The question for South Asia is no longer whether constitutions can be changed. It is whether they can still protect the very values they were written to defend.
Each country’s story is unique. Yet the pattern is unmistakable: the region is witnessing an increased willingness to touch the constitution itself in order to reshape the judiciary.
Nowhere is the trend more pronounced than in Pakistan. In 2024 and 2025, Pakistan passed its 26th and 27th Constitutional Amendments, which together represent one of the most extensive judicial restructurings in the country’s history.
These changes have done more than simply adjust legal procedures. They have altered the very architecture of judicial power. The amendments change the composition of the body responsible for appointing judges, allowing the government and parliament to play a much larger role in deciding who becomes a judge. This marks a significant departure from the idea that the judiciary should be primarily self-regulating in order to preserve independence.
The amendments also introduce a new Federal Constitutional Court, which takes over many of the functions previously performed by the Supreme Court of Pakistan, especially in constitutional and fundamental rights matters. Creating a new institution for such an important role is not just a technical reform. It redefines where ultimate constitutional authority resides.
In addition, the changes increase administrative control over judges, including the possibility of transferring them across provinces or between courts. In legal systems around the world, such powers have often been used to reward compliance or punish disobedience, even when done subtly and legally.
All of this is happening not through martial law or suspension of the constitution, but through the constitution itself. That is precisely what makes authoritarian legalism so difficult to confront. Everything is technically legal. The procedures are followed. The votes are counted. The documents are stamped. And yet the effect is to hollow out the very institutions designed to limit power.

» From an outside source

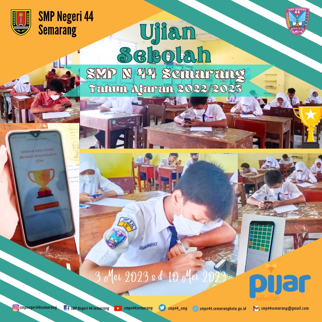 Ujian Sekolah SMP Negeri 44 Semarang Tahun Ajaran 2022/2023 dilaksanakan tanggal 3 Mei s.d 10 Mei 2023 menggunakan Pijar.
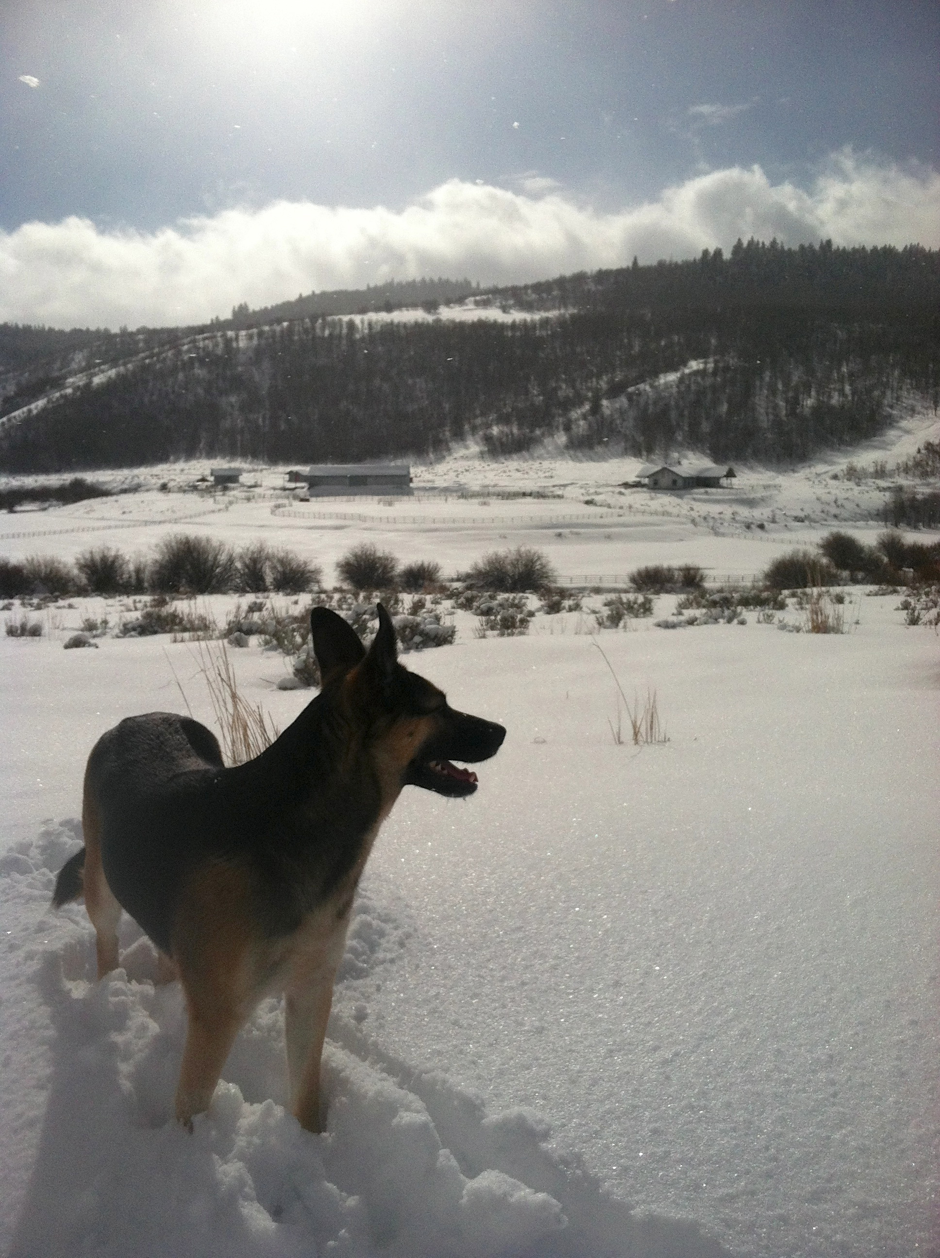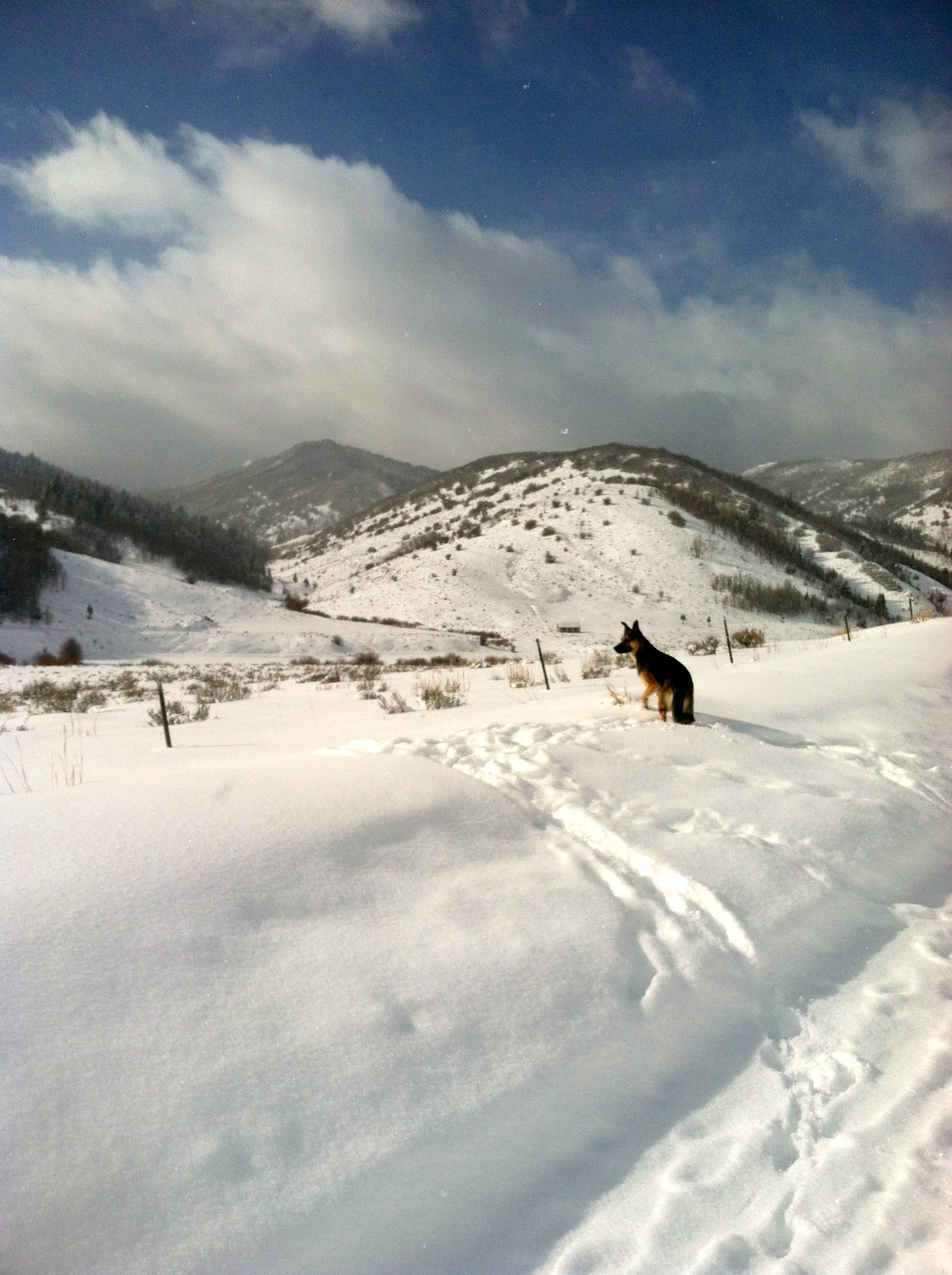 Within minutes of hitting “publish” on that post, I was bundling up in my cozy snow gear for a date with Jack Frost. Cholula graciously agreed to chaperone. We are lucky to live adjacent to miles of open space, so we didn’t have to go far to find the perfect spot for a snow hike. (You may remember another visit a few months ago, when I attempted to go running and Cholula met some rather large cows.)

Judiciaries are not perfect. Courts often move slowly, sometimes make poor decisions, and can be disconnected from public life. But in a constitutional system, they play one vital role: they stand between the citizen and unchecked power.
When courts are weakened, politicized, or structurally subordinated to government authority, ordinary people lose one of their last lines of defense. Constitutional rights still appear in books, but there is no independent institution truly capable of enforcing them.
Authoritarian legalism is especially dangerous because it normalizes institutional damage. There are no dramatic moments or sudden collapses. Only a series of amendments, reform bills, new commissions, new courts and new rules, each one justified as progress, each one
reducing independence just a little more. Over time, what was once unthinkable becomes constitutional.
South Asia is not alone in this struggle. Similar processes have taken place in other parts of the world as well. But what makes South Asia distinct is both its size and its symbolism. This is a region that produced some of the world’s most ambitious constitutions and some of the most powerful judicial visions of rights and freedoms.
Today, those constitutional promises are being edited line by line.
If authoritarianism once arrived wearing military boots, it now arrives holding a legal brief and quoting constitutional clauses. That transformation should concern not only lawyers and judges, but every citizen who believes that power should have limits, even when those limits are rewritten.
The question for South Asia is no longer whether constitutions can be changed. It is whether they can still protect the very values they were written to defend.